Discussion thread for Orion class battleship- HMS Orion. If you would like to add a comment, click the New Reply button


----------



## CliveR

My grandfather (Frederick Parker) served on this ship constantly for about 2 years covering Jutland and trips around Africa. He was in the Royal Marine Band playing cornet amongst other things. He told me (over 20 years ago) that he had two jobs on the ship. Firstly was formal support duties to the Rear Admirals, eg piping on and off etc and secondly making the gun calculations. He used algebra to calculate the angle of the gun required to hit the target. Instructions were sent on range etc and he then calculated by hand all details. They had to take into account roll pitch and yaw on top of speed ships were moving etc. It was remarkable that they could ever hit anything. He was responsible for one of the 13.5inch guns. During battle, he lived under the magazine and believed it was the best place to be on the ship. If the magazine got hit, well, you would never suffer or know anything as the entire magazine would go up in a huge explosion also if another part of the ship was hit, you had time to escape. The worst place was in the engine room as these sailors would generally drown if the ship was hit.

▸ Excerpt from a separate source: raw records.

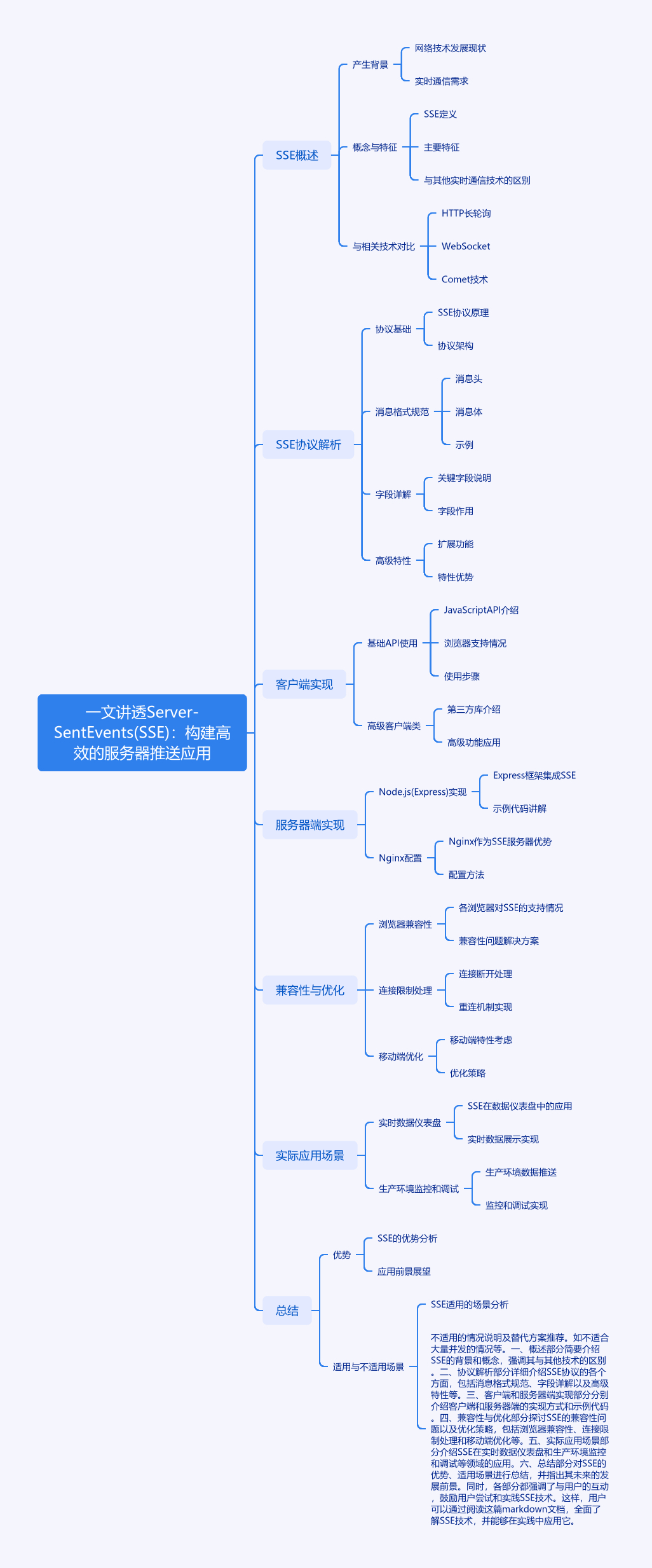 本文详细介绍Server - Sent Events (SSE) 技术。SSE基于HTTP,实现服务器向客户端单向实时通信,具有单向通信、自动重连等特征,与WebSocket、长轮询等技术适用场景不同。文中深度解析SSE协议,包括基础、消息格式和高级特性。客户端通过EventSource建立连接,还给出高级客户端类示例。服务器端以Node.js (Express) 为例给出实现,同时介绍Nginx配置。此外,提及浏览器兼容性、连接限制处理、移动端优化方法。最后阐述SSE在实时数据仪表盘、生产环境监控等场景的应用,总结其优势、适用与不适用场景及生产环境要点。
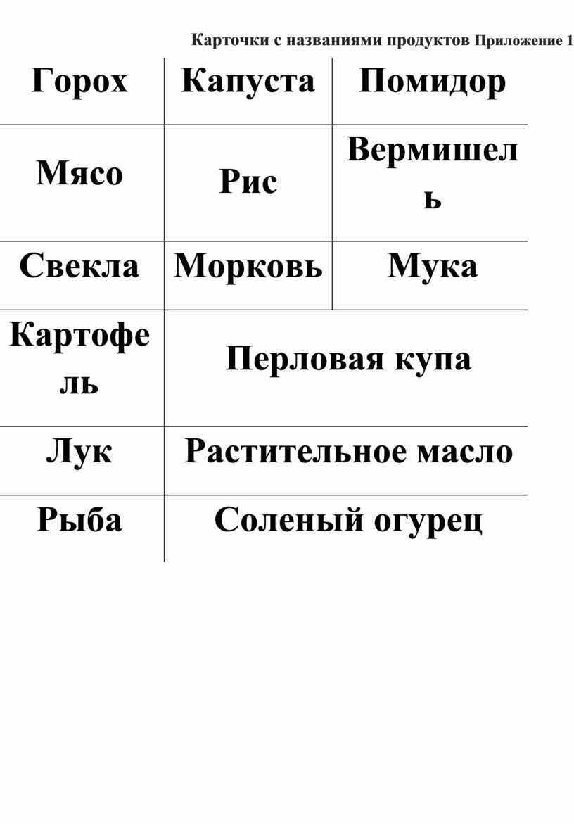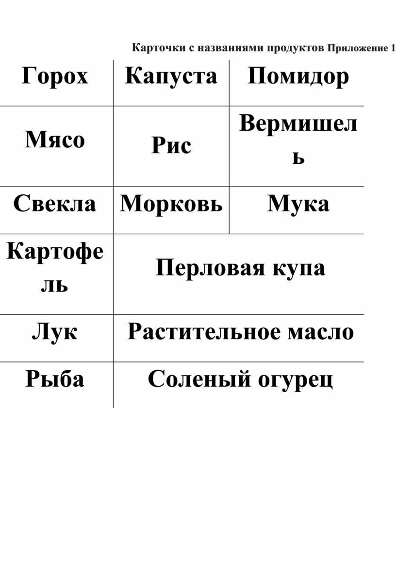 Карточки с названиями продуктов Приложение 1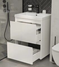Размер: 60х45х76,3 см. Цвет: белый. Два выжвижных ящика, выдвижной органайзер. В комплекте раковина Como 60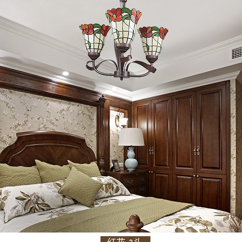 Tiffany Sunflower/Rose Chandelier 3/4 Lights Stained Art Glass Pendant Light Kit in Red/Green for Bedroom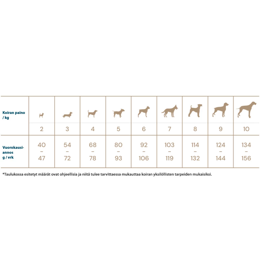 Katso viitteellinen annostusohje tuotteen kuvista. Taulukossa esitetyt määrät ovat ohjeellisia ja niitä tulee mukauttaa koiran yksilöllisten tarpeiden mukaisesti.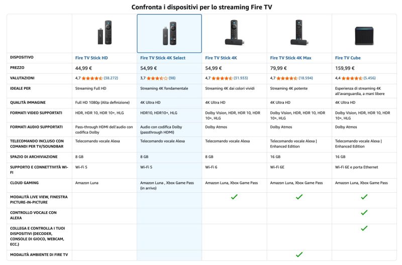 Per aiutarti ancora di più, ecco una tabella che spiega in modo dettagliato analogie e differenze tra tutti i modelli di Fire TV Stick. In questo modo potrai scegliere la Fire TV Stick perfetta per le tue esigenze.

He told me about Jutland. It was success and failure. The only success was that the German fleet never took to the sea again in the Great War. Many of the captains followed Navy rules and he saw a number of ships follow one another and just got picked off one by one. Each ship had (?) 2000(?) people on board and so this was suicidal for many ships. He was with the Rear Admiral who changed battle plans and enforced the captains to fight more sensibly; which they immediately did. Perhaps if they had continued the way the had started this off the course of history could have been very different.

Fred Parker (b 1895, d 1989 aged 94 years) joined the Royal Marines aged about 14 or 15 and retired at the maximum age (30 years of service??) with an exemplary service record (my mother was these details).


----------



## Dreyer1916

Orion was lucky at the battle. Am I right in saying she didn't receive any hits? She was apparently giving support fire in support of Iron Duke and later, along with Monarch hit the Lutzow at least 5 times after Hipper had left the crippled battle cruiser on the G39. She expended quite a large amount of 13.5" shells (around 50) during the battle so was in the heat of it.


----------



## CliveR

I am sorry, my grandfather did not give any details, he was stuck underneath the guns using algebra to calculate the trajectories for the guns so could not see anything. He did say it was the best place to live during battle - if the magazine was hit, you would have known nothing about it. The engine room was the worst place as you drowned when there was a hit and the shipwent down. As a young boy, this made mathematics a lot more interesting...

My mother has the details of his service history, but it really only tells you when the embarked and disembarked with ne details of war. I will try to get hold of it as it may have some interesting details for the website readers - I believe that he did serve on other ships, but I only remember him telling me about Orion.


----------



## NavySparker

HMS Orion crew list at the Battle of Jutland is being built.

http://www.jutlandcrewlists.org/orion


----------